Только теперь реб Мордехай полностью пришел в себя. До этого он был словно в чаду. Суматохи стало меньше, хотя дела укрупнились, жизнь пошла увереннее, а дороги стали короче. И вот он поднялся в одно прекрасное утро и сбросил с себя часть великого бремени, которое носил на себе, и передал его в надежные руки. Он забрал своих родных из Подолии и теперь направлялся с ними в Петербург в трех больших каретах. И не просто как какой-то купец, нуждающийся в покровительстве бывшего свата, реб Ноты Ноткина, или других больших людей, а сам по себе, как поставщик русского флота. А вез он с собой рекомендательное письмо не от кого иного, как от старого князя Казимира Чарторыйского к молодому князю Адаму Чарторыйскому.[128]
Это письмо имело очень большое значение, и не только для самого реб Мордехая, но и для всех евреев… Потому что молодой князь – способный и умный дворянин – учился в Петербурге в одном лицее с внуком императрицы, принцем Александром, и два этих лицейских товарища – польский князь и русский принц – крепко дружили между собой. И не просто так, а были не разлей вода. Один без другого шагу не делал. Прямо братья-близнецы.

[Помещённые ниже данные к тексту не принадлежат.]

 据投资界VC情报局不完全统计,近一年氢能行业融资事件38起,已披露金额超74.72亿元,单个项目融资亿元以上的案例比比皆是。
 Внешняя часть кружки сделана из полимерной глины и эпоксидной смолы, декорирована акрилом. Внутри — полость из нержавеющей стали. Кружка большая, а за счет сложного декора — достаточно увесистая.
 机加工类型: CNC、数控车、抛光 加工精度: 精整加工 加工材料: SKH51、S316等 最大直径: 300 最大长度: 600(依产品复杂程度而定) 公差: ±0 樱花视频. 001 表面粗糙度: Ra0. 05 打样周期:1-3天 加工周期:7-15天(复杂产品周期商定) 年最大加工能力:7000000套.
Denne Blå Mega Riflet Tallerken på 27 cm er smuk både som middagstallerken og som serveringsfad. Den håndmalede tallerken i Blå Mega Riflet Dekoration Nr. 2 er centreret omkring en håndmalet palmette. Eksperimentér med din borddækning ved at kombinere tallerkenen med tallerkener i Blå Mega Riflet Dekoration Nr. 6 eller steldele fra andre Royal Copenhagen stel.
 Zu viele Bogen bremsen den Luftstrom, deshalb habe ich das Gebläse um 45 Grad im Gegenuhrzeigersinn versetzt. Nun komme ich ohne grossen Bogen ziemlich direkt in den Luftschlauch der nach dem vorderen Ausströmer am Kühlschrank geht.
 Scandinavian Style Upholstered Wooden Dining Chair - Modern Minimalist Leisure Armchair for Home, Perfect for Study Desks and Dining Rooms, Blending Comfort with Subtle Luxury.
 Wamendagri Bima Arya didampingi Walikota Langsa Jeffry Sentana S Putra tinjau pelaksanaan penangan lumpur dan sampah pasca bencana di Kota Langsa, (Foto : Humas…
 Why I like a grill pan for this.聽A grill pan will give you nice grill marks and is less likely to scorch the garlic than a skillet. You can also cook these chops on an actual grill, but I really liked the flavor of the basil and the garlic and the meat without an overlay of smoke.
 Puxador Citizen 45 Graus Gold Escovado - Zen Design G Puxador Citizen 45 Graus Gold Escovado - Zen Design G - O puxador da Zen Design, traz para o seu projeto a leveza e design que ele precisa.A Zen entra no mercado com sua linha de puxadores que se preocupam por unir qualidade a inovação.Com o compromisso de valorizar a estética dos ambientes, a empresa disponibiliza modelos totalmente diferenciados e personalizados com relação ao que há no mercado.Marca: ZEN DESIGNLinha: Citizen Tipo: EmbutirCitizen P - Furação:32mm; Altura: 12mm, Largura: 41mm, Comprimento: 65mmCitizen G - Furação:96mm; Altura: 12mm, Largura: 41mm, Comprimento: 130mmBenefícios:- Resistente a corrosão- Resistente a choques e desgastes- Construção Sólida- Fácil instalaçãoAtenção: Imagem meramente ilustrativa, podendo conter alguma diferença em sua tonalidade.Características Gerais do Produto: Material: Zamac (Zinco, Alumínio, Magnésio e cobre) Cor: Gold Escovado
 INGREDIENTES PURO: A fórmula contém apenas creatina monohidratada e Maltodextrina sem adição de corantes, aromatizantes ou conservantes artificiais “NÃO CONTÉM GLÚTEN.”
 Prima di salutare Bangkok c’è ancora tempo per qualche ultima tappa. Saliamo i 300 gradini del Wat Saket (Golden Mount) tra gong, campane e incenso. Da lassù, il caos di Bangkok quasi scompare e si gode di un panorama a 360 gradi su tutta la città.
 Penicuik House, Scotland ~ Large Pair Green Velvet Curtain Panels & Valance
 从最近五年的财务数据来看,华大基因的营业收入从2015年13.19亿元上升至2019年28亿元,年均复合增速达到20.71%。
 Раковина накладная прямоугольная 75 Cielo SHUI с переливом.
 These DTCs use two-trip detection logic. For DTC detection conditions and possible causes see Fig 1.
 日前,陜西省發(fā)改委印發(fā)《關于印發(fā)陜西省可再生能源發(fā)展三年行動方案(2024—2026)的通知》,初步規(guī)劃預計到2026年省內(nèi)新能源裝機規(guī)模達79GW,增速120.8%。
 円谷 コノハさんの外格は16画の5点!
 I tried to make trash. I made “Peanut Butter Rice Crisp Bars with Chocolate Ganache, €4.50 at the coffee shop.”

– И не секрет, – так реб Мордехай Леплер закончил излагать реб Йегошуа Цейтлину свою подольскую эпопею, понизив тем не менее голос, как человек собирающийся рассказать большую тайну, – совсем не секрет, что императрица Екатерина не любит своего единственного сына Павла. Она отправила его из Петербурга в Гатчину и избегает, как только можно… И люди говорят, что корону она передаст по наследству не нелюбимому сыну, который, кстати, говорят, малость безумен, а внуку Александру, которого любит, как саму жизнь. Поэтому старый польский патриот не возражает против дружбы своего сына с русским принцем. Он надеется, что сможет при помощи этих двух молодых людей спасти свою несчастную отчизну, Польшу. То, что еще можно спасти. И кто знает? Может быть, и вернуть потерянные провинции тоже. Или хотя бы часть этих провинций… Но разговаривать об этом не следует. Он, реб Мордехай, рассказывает это реб Йегошуа Цейтлину по секрету, как тестю своего друга и компаньона Аврома Переца.
Глава двадцать вторая
Простой народ
1
Реб Йегошуа Цейтлин выслушал с большим вниманием весь отчет Мордехая Леплера. При этом он даже чуть побледнел. История была захватывающей. Последний год в рассказе реб Мордехая был похож на его последний год: оба рвались поехать в столицу и не могли. Их держали дела, мешала незаконченная война. Между ними было только одно отличие: реб Йегошуа Цейтлин за последнее время сворачивал свои дела, а реб Мордехай свои – расширял, и чем дальше, тем больше… Времена были ненадежные, императрица была стара, интриги между «большим двором» в Петербурге и «малым двором» в Гатчине становились такими запутанными, что Господи спаси и сохрани… Тем не менее реб Йегошуа Цейтлин благодарил Бога за то, что Он послал Аврому Перецу, своему удачливому зятю, такого удачного компаньона, как реб Мордехай Леплер, на которого можно положиться. Два всегда лучше, чем один.
После короткого размышления реб Йегошуа Цейтлин попытался замолвить словечко по поводу своего разорившегося партнера – реб Ноты Ноткина:
– Ладно я, – объяснил он реб Мордехаю, – я ликвидирую дела. Скоро уже два или даже три года, как я потихоньку выхожу из дел, и я, с Божьей помощью, как-нибудь выкручусь. Но реб Нота, мой компаньон, ваш сват… В течение той же пары лет, что я сворачиваю свои дела, я все время предостерегаю реб Ноту, чтобы он не слишком полагался на справедливость иноверцев, на русскую щедрость, на геройство фоней. Ведь победы не вечны… Я предостерегал его словами мудрецов: «Будьте осторожны с властями… Ибо они приближают к себе человека лишь для собственной выгоды, прикидываются друзьями, когда им это на руку, но не заступятся за человека в тяжелое для него время»…[129] Однако реб Нота, ваш сват, не послушался меня. Он вложил в армейские поставки свои последние капиталы и чужие тоже. И дела его были бы совсем плохи, если бы не то, что он известен по всей Белоруссии и по всей Расее. Всем прекрасно известно, что в задержке платежей виновен не реб Нота, а казна… Короче, было бы справедливо, если бы реб Ноту привлекли к новым поставкам для флота, которые сейчас растут. Да вы ведь сами, реб Мордехай, рассказывали, что реб Нота сильно помог здесь гарантиями моему зятю и вам – рекомендациями…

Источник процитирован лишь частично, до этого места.